- Artist: Jean-Michel Basquiat
- Year: 1982
- Medium: Acrylic, oilstick, and paper collage on canvas
- Movement: Neo-expressionism
- Dimensions: 243.2 cm × 182.2 cm (95 3/4 in × 71 3/4 in)
- Location: Private collection;

= Donut Revenge =

1982 painting by Jean-Michel Basquiat

Donut Revenge is a painting created by American artist Jean-Michel Basquiat in 1982. The artwork, which features a radiant rotund figure, sold for $20.9 million at Christie's in December 2021.

==History==
Basquiat executed Donut Revenge in his studio beneath Annina Nosei's gallery during the pinnacle of his career in 1982. The painting features a crowned central character floating amid a background of vibrant color. The goggle-eyes and bulbous body creates a humorous impression, heightened by the words "Little Fat Man with a Chicken Leg" written across its chest.
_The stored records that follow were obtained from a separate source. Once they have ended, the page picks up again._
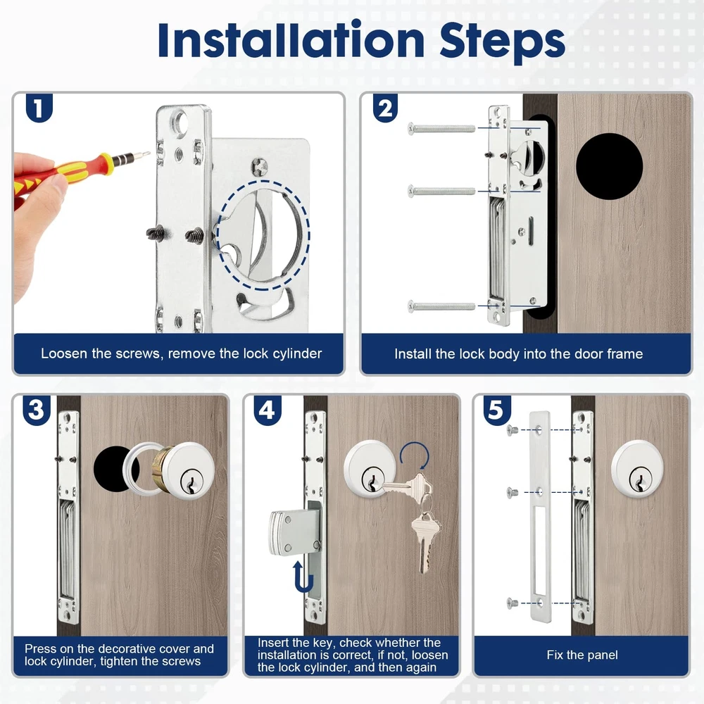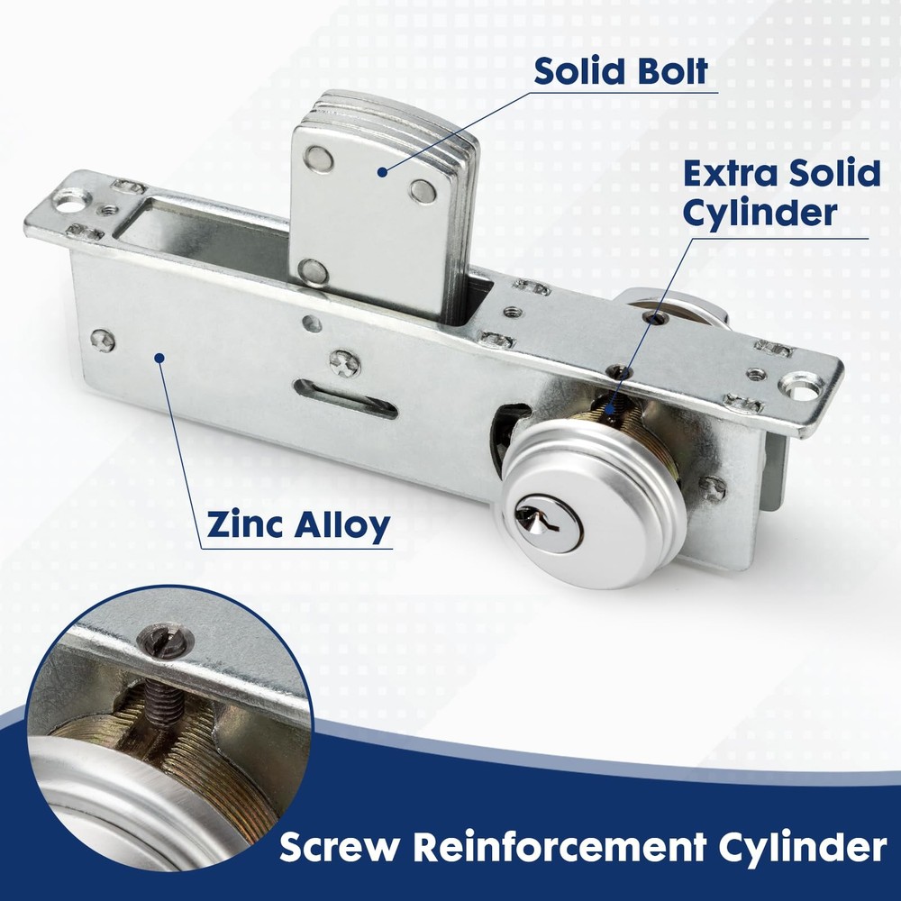 This mortise lock is solid and reliable—thickened aluminum alloy body, heavy-duty zinc alloy core, and reinforced lock tongue make it super secure. The precision screw design ensures a tight fit, while the five-layer steel bolts add extra protection. Perfect for commercial doors, it feels sturdy and well-built. Installation was smooth, and it operates smoothly. Definitely worth it for the quality and peace of mind it brings!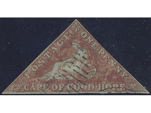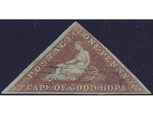 South Africa, Cape of Good Hope. Michel 1 Ixa or SG 3 used, 1853 Allegory 1 d brick-red on slightly blued paper. Near cut on right side. EUR 300 South Africa, Cape of Good Hope. Michel 1 Ixa or SG 3 used, 1853 Allegory 1 d brick-red on slightly blued paper. Near cut on right side. EUR 300 Show less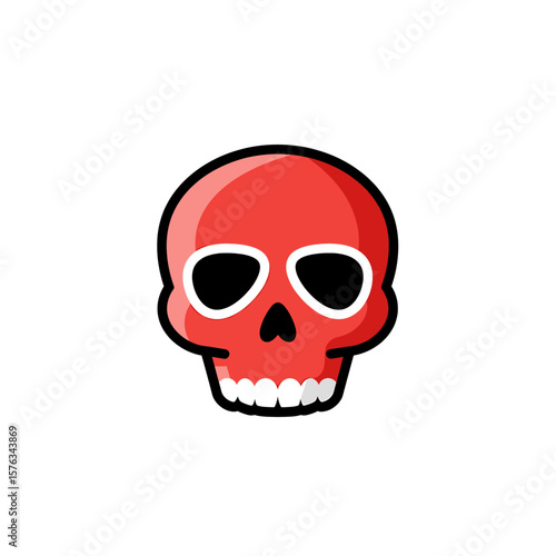 Fototapeta premium Flat vector illustration of red skull icon with bold black outline and white teeth on clean background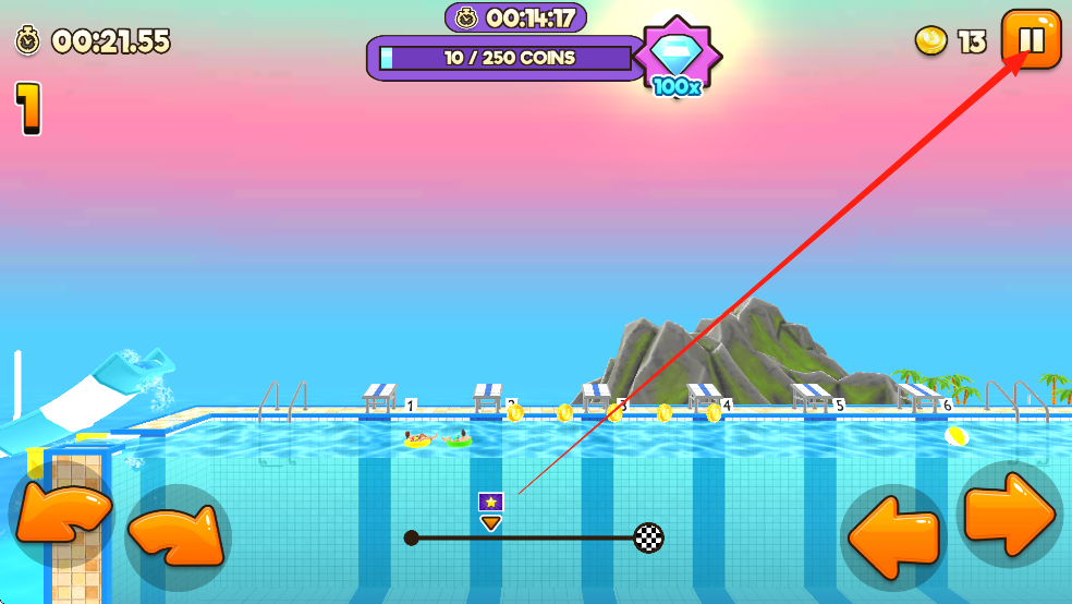 3、成就收集体系:隐藏在各赛道的秘密捷径与收集任务,完成全三星通关解锁水上乐园设计师身份,可自定义编辑滑道曲率与障碍布局,激发玩家创造力。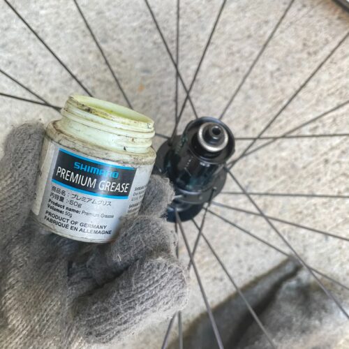 フリーボディの古いグリスをウエスで拭って、デュラグリスを薄く塗りたくる。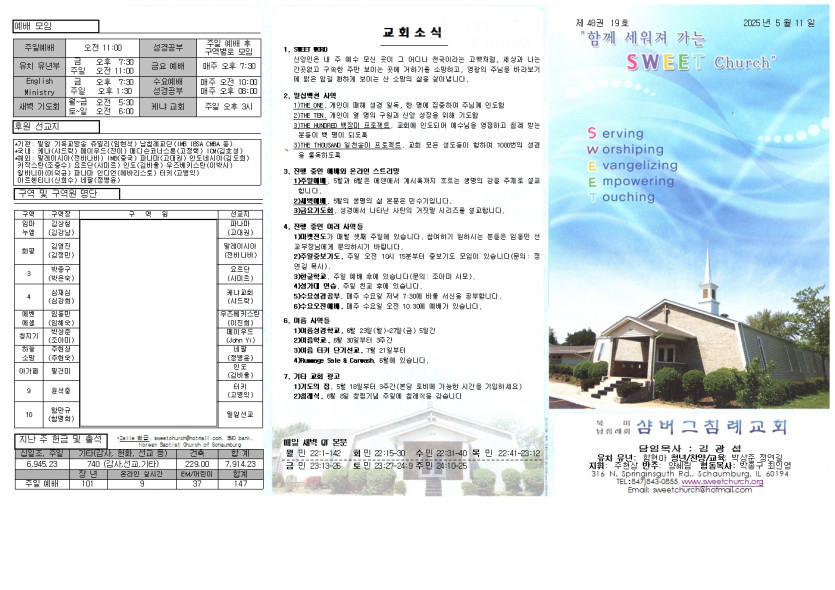May 11, 2025 . 샴버그침례교회 2025년 5월 11일 교회 주보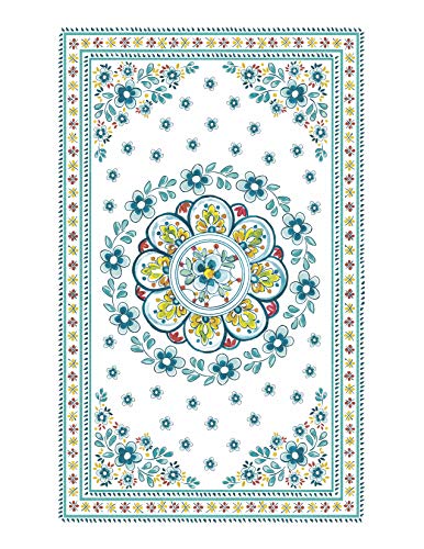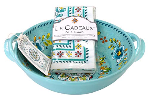 Le Cadeaux Madrid Turquoise Melamine 9.25″ Salad Bowl with Handles and Tea Towel Set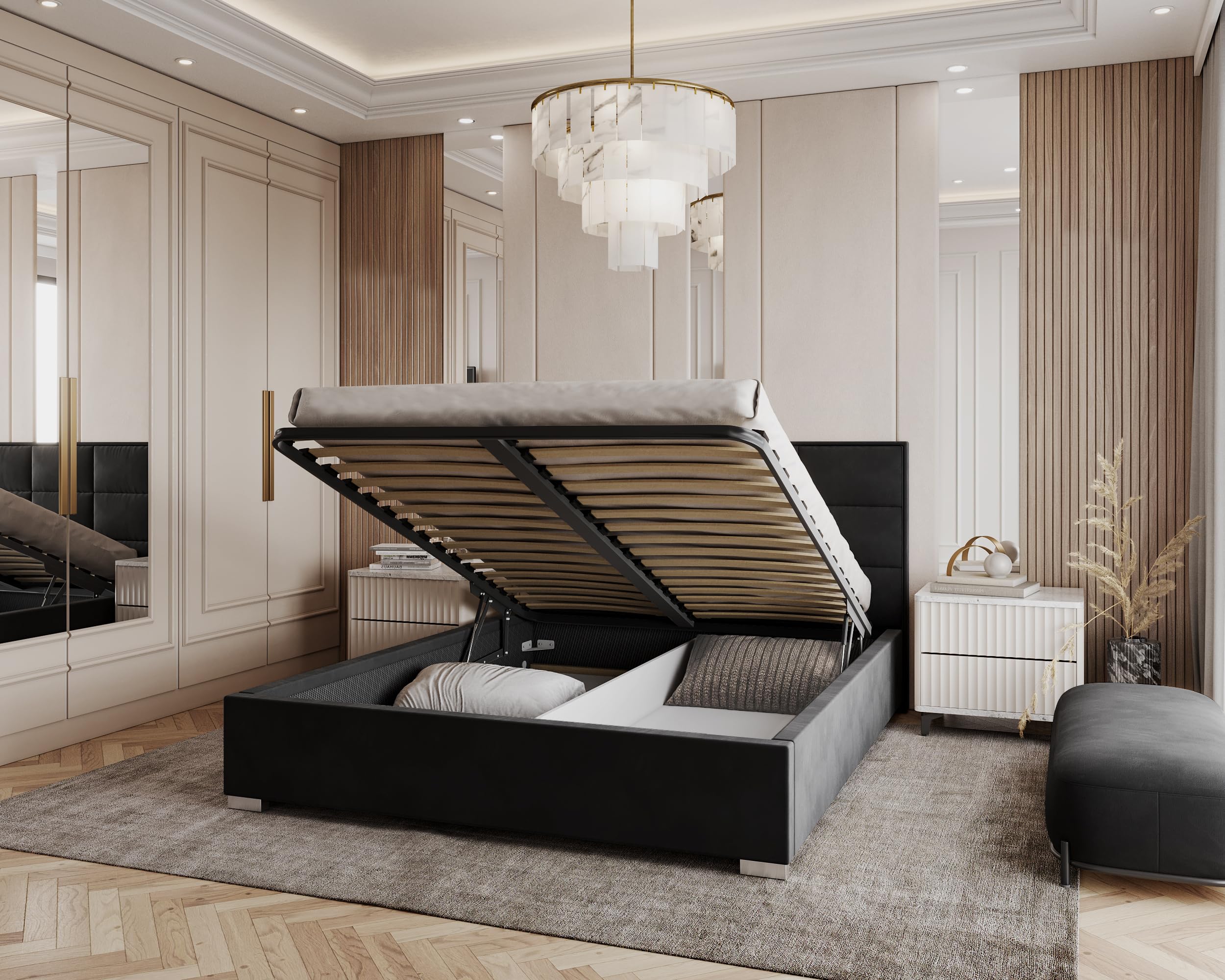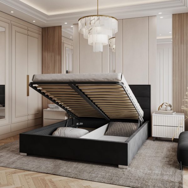 - Gasunterstützter Hebemechanismus für bequemen Zugang zum Bettkasten.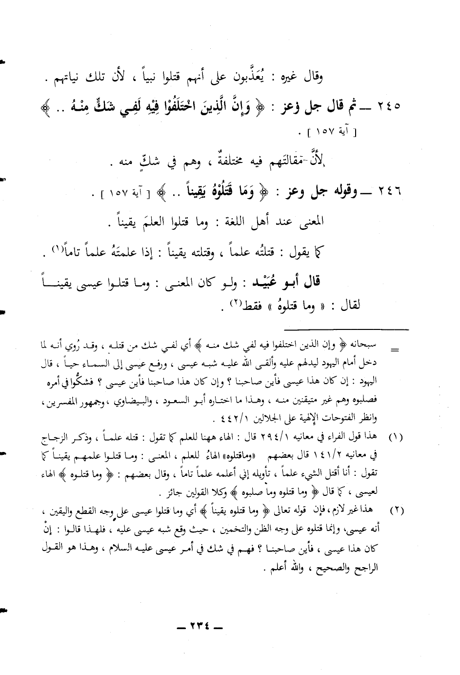 وقال غيره يعذبون على أنهم قتلوا نبيا لان تلك نياتهم 245 ثم قال جل وعز (وان الذين اختلفوا فيه لفي شك منه) لان مقالتهم فيه مختلفة وهم في شك منه 246 وقوله جل وعز (وما قتلوه يقينا) المعنى عند أهل اللغة وما قتلوا العلم يقينا كما يقول قتلته علما وقتلته يقينا إذا علمته علما تاما قال أبو عبيد ولو كان المعنى وما قتلوا عيسى يقينا لقال وما قتلوه فقط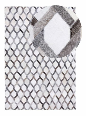 Tento obdĺžnikový koberec zútulní akýkoľvek obytný priestor. Je ručne tkaný z kvalitnej kože a má plstenú podšívku, ktorá ochráni podlahu pred poškodením. Vďaka výraznému diamantovému vzoru a teplým odtieňom béžovej a sivej bude váš domov štýlový a útulný.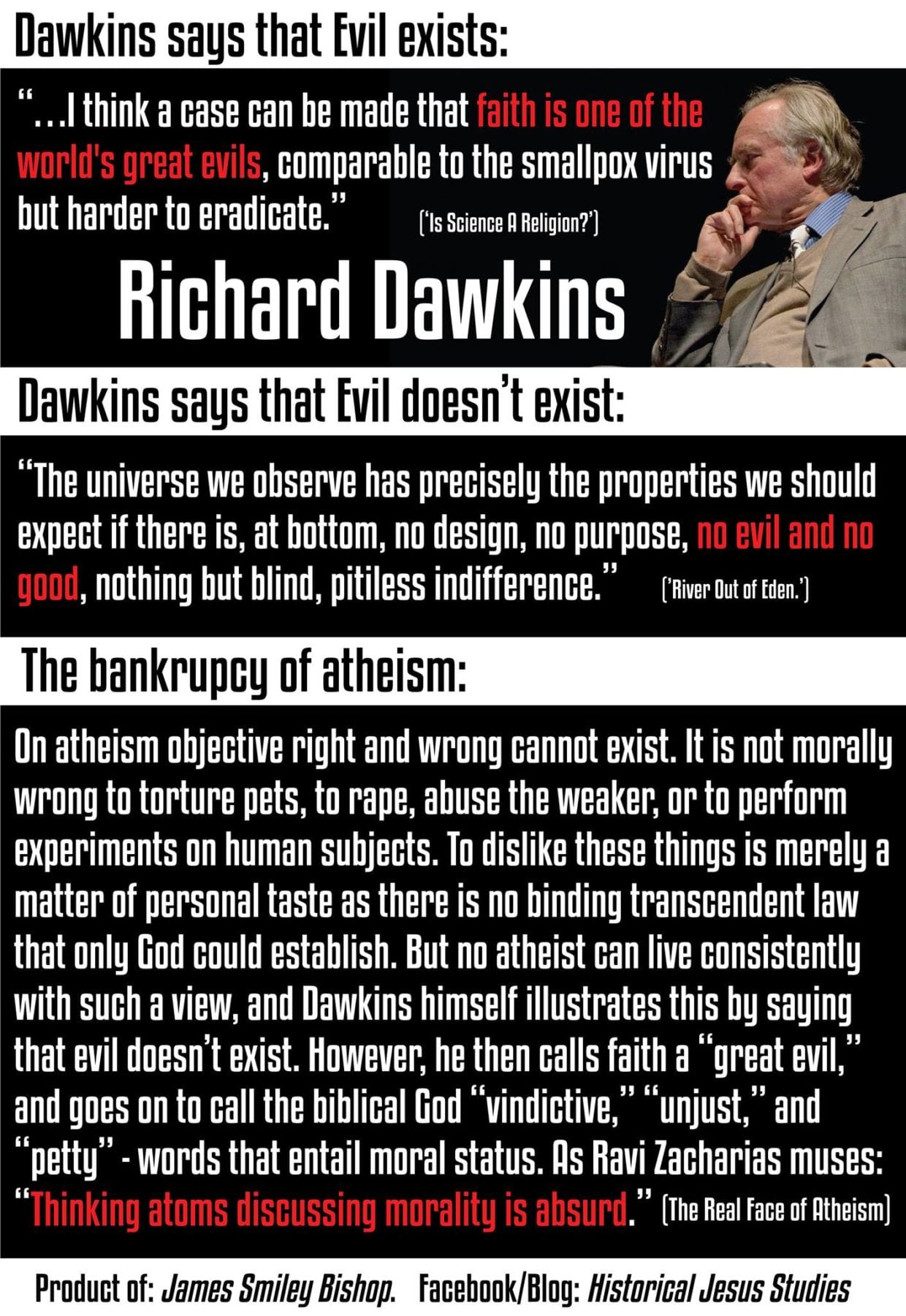 It seems that Richard Dawkins is arguing with himself- he is suffering with great bouts of confusion. He claims evil does not exist, yet calls God evil!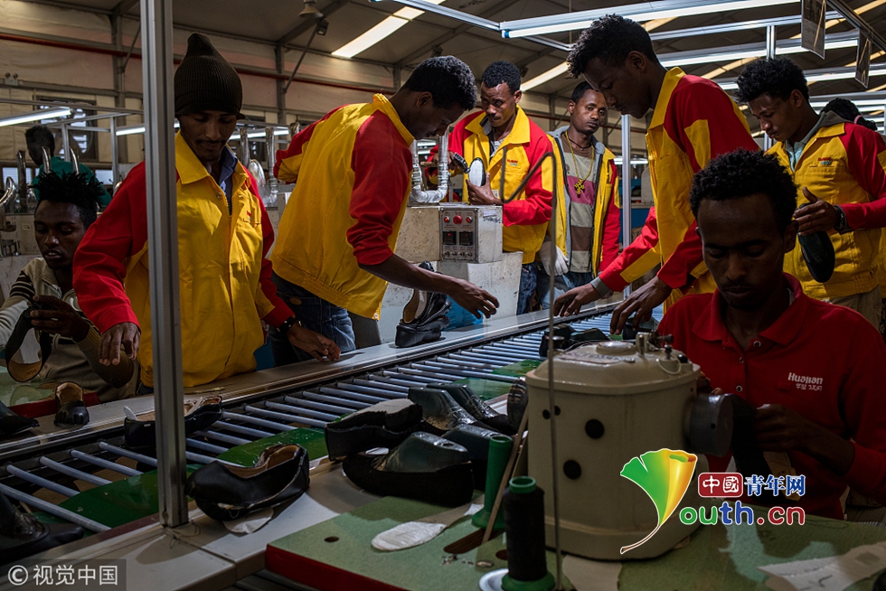 華堅(jiān)鞋廠的制鞋流水線。據(jù)華堅(jiān)集團(tuán)官網(wǎng)介紹,每年約240萬(wàn)雙包括NineWest、GUESS 在內(nèi)的品牌女鞋帶著“Made In Ethiopia”(埃塞俄比亞制造)的標(biāo)簽,從這里流向美國(guó)市場(chǎng)。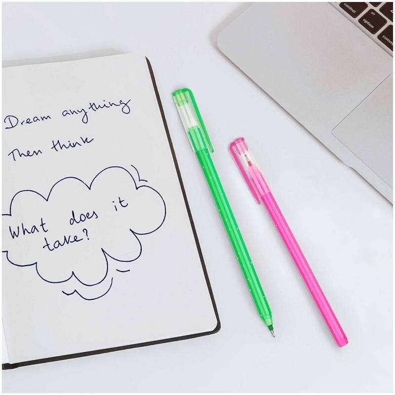 Pixul neon OfficeSpace Funfair creeaza atmosfera pentru fiecare zi datorita culorilor neon stralucitoare ale corpului cu efect de sclipici. Forma rotunda a corpului permite stiloului sa stea confortabil in mana. Datorita clemei, modelul poate fi atasat de imbracaminte sau de un jurnal. Lungimea scrisului continuu este de 900 de metri. Cerneala speciala cu vascozitate scazuta ofera o scriere moale si confortabila. Diametrul unitatii de scris este de 0,6 mm. Culoare cerneala albastru. Grosimea liniei de scriere 0,3 mm. Culoare corp asortat. Lungime maner 140 mm. Cantitate in ambalaj 50 bucati.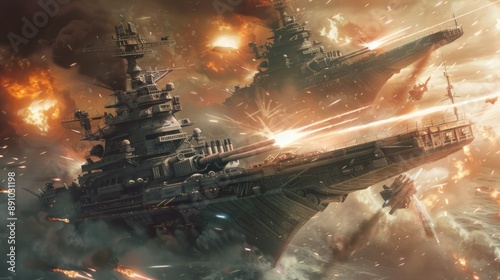 Two massive capital ships clashing with energy cannons and missile barrages.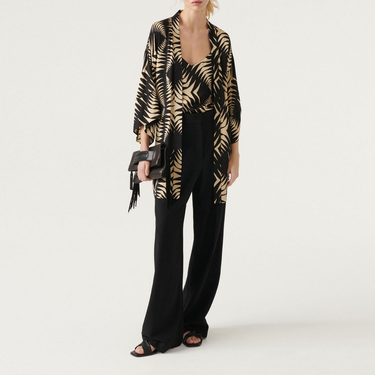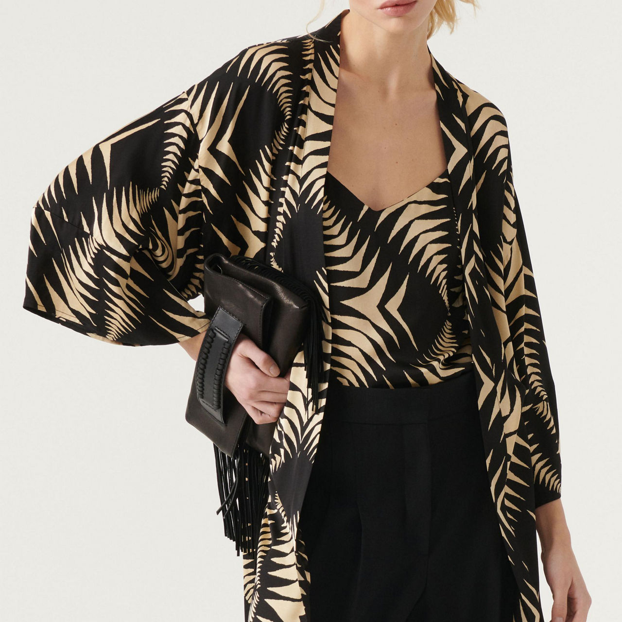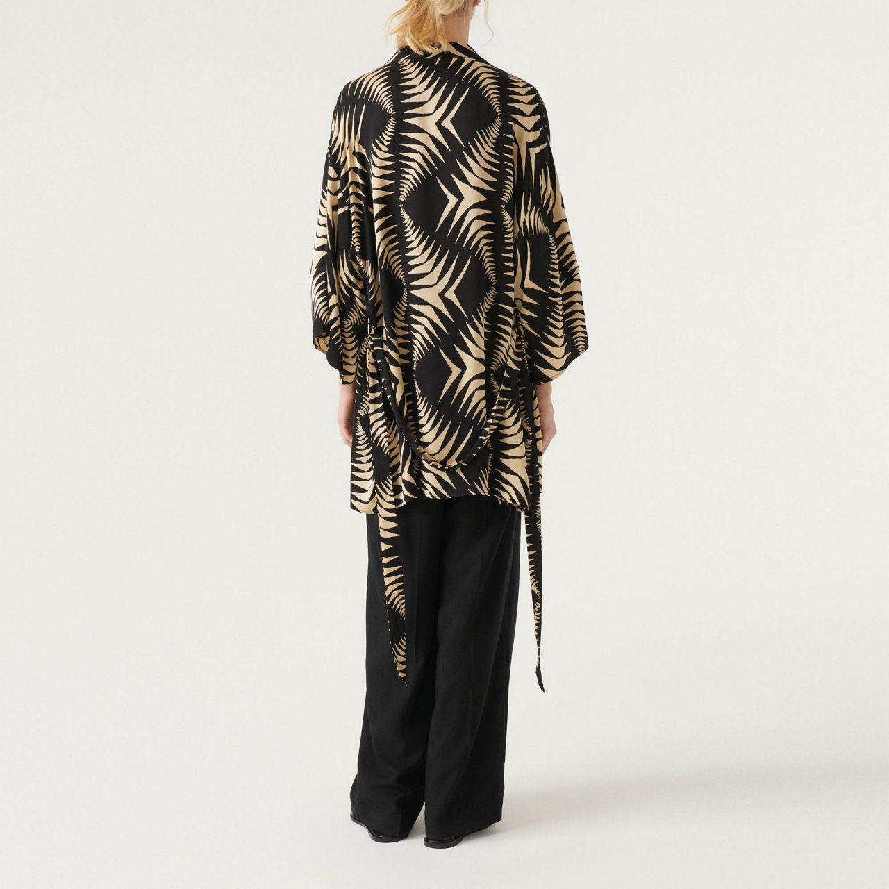The Nigel jacket puts a cool twist on the kimono. This long jacket is inspired by the iconic shape of a kimono with very wide sleeves, drop armholes and a buttonless wrap closure. It can be tied around the waist using the long belt made from the same fabric.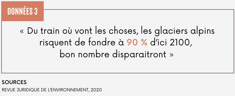 Dans le monde et donc en France, l’augmentation des températures atmosphériques engendre une diminution de la superficie et du volume des glaces de montagne. Sont aussi concernés, la mer, la banquise arctique, la couverture neigeuse et les calottes glaciaires ainsi que le pergélisol (sol gelé en permanence). «La fonte annuelle globale correspondrait actuellement à trois fois le volume de glace stocké dans l’ensemble des Alpes européennes (soit 335 milliards de tonnes)», selon l’étude Revue juridique de l’environnement, 2020.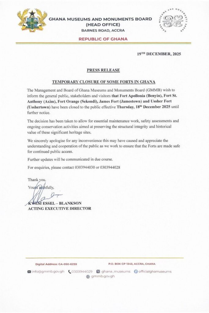 In a statement issued on Friday, December 19, 2025, the Board said the affected sites are Fort Apollonia at Beyin, Fort St. Anthony in Axim, Fort Orange in Sekondi, James Fort in Jamestown, and Ussher Fort at Usshertown. The closures took effect from Thursday, December 18, 2025.

Donut Revenge sold for $90,500 at Christie's New York in May 1995. The painting failed to sell at Sotheby's Contemporary Art auction in November 2004, it had an estimate of $1.2 to $1.8 million. In December 2021, it sold for $20.9 million at Christie's 20th and 21st Century Art Evening Sale in Hong Kong.

==Exhibitions==
Donut Revenge has been exhibited at the following art institutions:

- Basquiat Paintings at Gallery Schlesinger in New York, November 1988.
- Beautiful Losers at Contemporary Arts Center in Cincinnati; Yerba Buena Center for the Arts in Santa Barbara, March – October 2004.
- Jean-Michel Basquiat: Made in Japan at Mori Arts Center Gallery in Tokyo, September – November, 2019.